Hawking radiation, proposed by Stephen Hawking, could cause black holes to slowly evaporate over time. Quantum fluctuations in space-time can cause pairs of virtual particles to pop into existence, and then immediately annihilate each other and disappear again throughout the universe. But if such a pair appears right at the event horizon of a black hole, one particle could fall in while the other escapes, carrying away a minuscule amount of energy — and therefore mass — from the black hole. Credit: Astronomy: Rick Johnson & Roen Kelly
Do black holes exist forever? If not, how do they die? If yes, is the number of black holes in the universe always increasing?
Eliot H. Ginsberg
Riverview, Florida
Black holes are known for their voracious appetites, consuming everything — even light — that falls inside them with no hope of escape.
But in 1974, Stephen Hawking proposed that in fact, black holes do evaporate.
Everywhere, all the time, infinitesimal particles are popping into and out of existence.
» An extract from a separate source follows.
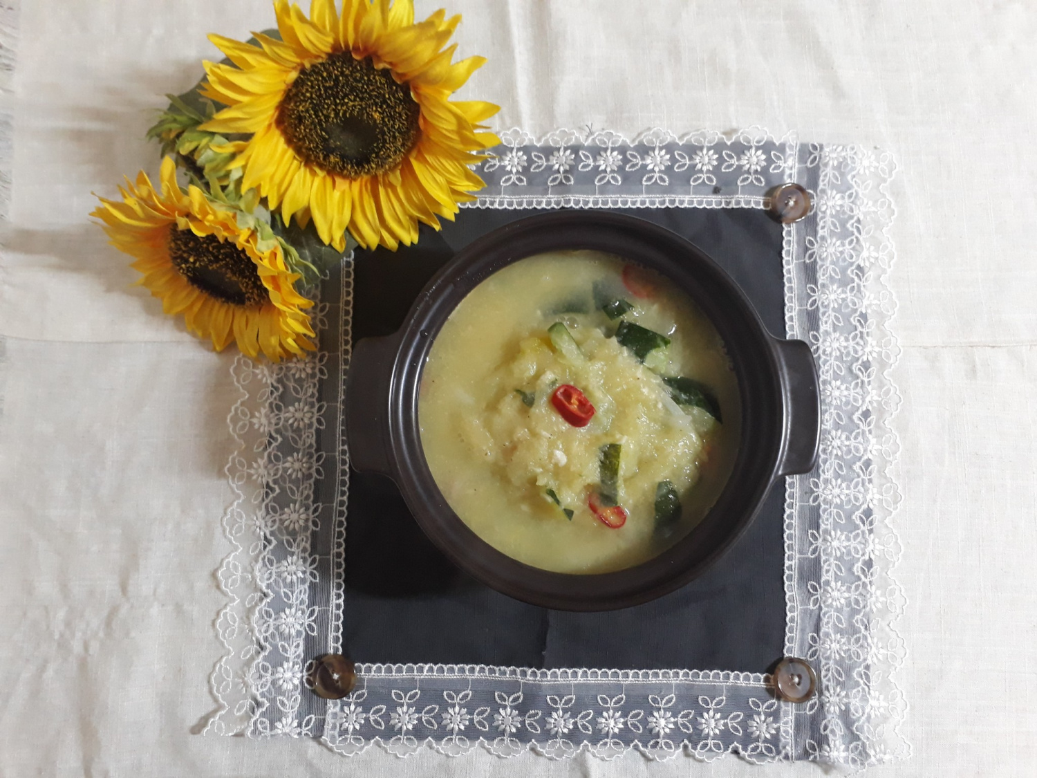 ズッキーニが十分に柔らかく煮えたら、切った玉ねぎと、お好みで赤唐辛子(または激辛唐辛子)を加えてさらに一煮立ちさせます。最後にエゴマ油大さじ2を回し入れて香りを加え、玉ねぎが少ししんなりする程度に1〜2分さらに煮て完成です。お好みで味を見て、薄ければエビ味噌を足して調整してください。

They appear in pairs that instantly annihilate each other. (Thank quantum mechanics for this weirdness!) But right at the event horizon, the black hole’s point of no return, sometimes one particle in a pair will fall into the black hole and disappear. Its partner, then, would zoom away — meaning the black hole has emitted energy, and grown smaller.
Hawking reassures readers that it would take far longer than the age of the universe for this to completely evaporate even a solar-mass black hole. But what about tiny, primordial black holes?
They could indeed evaporate entirely, and the process is one that speeds up as it progresses, leading to a large burp of energy in the black hole’s final moment. In Hawking’s own words: “This is a fairly small explosion by astronomical standards but it is equivalent to about 1 million 1 Megaton hydrogen bombs.”